High-Throughput DNA Shearing with FastPrep

The Importance of DNA Shearing

Next generation sequencing (NGS) has revolutionized life sciences research. With NGS, we can explore genomes deeper, genetically characterize microbial communities, and better understand complex diseases.

To generate reliable NGS data, you need to construct high-quality sequencing libraries, which largely depends on DNA quality. Libraries are built using DNA fragments generated via enzymatic or mechanical shearing of DNA from your samples.

Optimal DNA shearing methods deliver:

1. Appropriately and consistently sized DNA fragments (depending on sequencing platform)
2. Unbiased shearing where fragmentation is not preferential towards certain sequences or GC content
3. Pure DNA samples—mitigating cross-contamination between samples
4. High DNA retention where the shearing method avoids sample loss

A Validated DNA Shearing Protocol

The FastPrep-96 instrument mechanically shears DNA, generating fragments using mechanical force rather than enzymes, such as nucleases, to cleave DNA. With the FastPrep-96 instrument, you can confidently fragment 100-1000 ng of genomic DNA (gDNA) in high-throughput—shearing up to 576 samples within minutes. Here’s how:

1. Adjust the volume of gDNA to 50 μl with nuclease-free water and transfer to a 96-well plate.
2. Seal the 96-well plate with an Adhesive PCR Plate Foil seal.
3. Load and secure the 96-well plate(s) onto the FastPrep-96™ system (you can fit up to six 96-well plates in the instrument.
4. Run the FastPrep-96™ system at the appropriate speed and time to fragment gDNA to the required size.
5. Analyze the fragmented DNA to assess fragment size (use the Agilent Bioanalyzer 2100 or Agilent Femtopulse)

From here, you can prepare your newly fragmented gDNA for sequencing by using a Ligation Sequencing Kit.

Selecting the Appropriate DNA Shearing Speed and Duration

Read lengths vary based on fragmentation time and speed. Adjust the fragmentation time at 1800 rpm to generate uniform fragment lengths, rather than changing shearing speed.

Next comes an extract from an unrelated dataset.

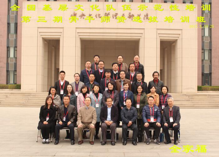 3月19日至25日,该班在我院举行,来自全国各省文化厅推荐的师资骨干共29人(每省1人)参加了培训。这也是2017年全国基层文化队伍示范性培训系列中的一个重要班次,受到了领导的高度重视。在开班式上,中央文化管理干部学院副院长段周武同志作了热情洋溢的开班动员,特别是,在培训期间,主办方文化部公共文化司群文指导处处长尹寿松带领两位工作人员亲临培训班,与班委组长和学员代表亲切座谈,征求学员对于培训安排和培训组织管理工作的意见和建议,勉励学员试讲要力争出特色、出水平。

For shorter read lengths, you’ll need to increase the shearing time, or consider an alternative DNA shearing method.

Alternative DNA Shearing Methods

There are several alternatives to using FastPrep systems for DNA shearing.

Acoustic cavitation is commonly used to fragment DNA, which can be accomplished by sonication or Adaptive Focused Acoustic (AFA) shearing. You’ll minimize DNA loss with probe-sonicators, but the method may require time-consuming calibration to avoid fragment size variability. AFA shearing has many advantages, but it is costly.

You can also enzymatically shear DNA by using a combination of a non-specific nuclease and T7 Endonuclease I to generate fragments in a non-biased manner, but cross-contamination and sample loss can be an issue.

You should choose your DNA shearing method based on DNA fragment size requirements, abundance of DNA, number of samples, and budget.

Not Just Mechanical Shearing of DNA

In addition to DNA shearing for library preparation, you can use FastPrep-96, or any other FastPrep Instrument, in your sample preparation workflow for NGS—transforming multiple steps in your process from time-consuming to high-throughput. Our FastPrep systems are known for their high performance in cell lysis and bead beating, with the ability to reliably homogenize almost any sample when using the right lysing matrix.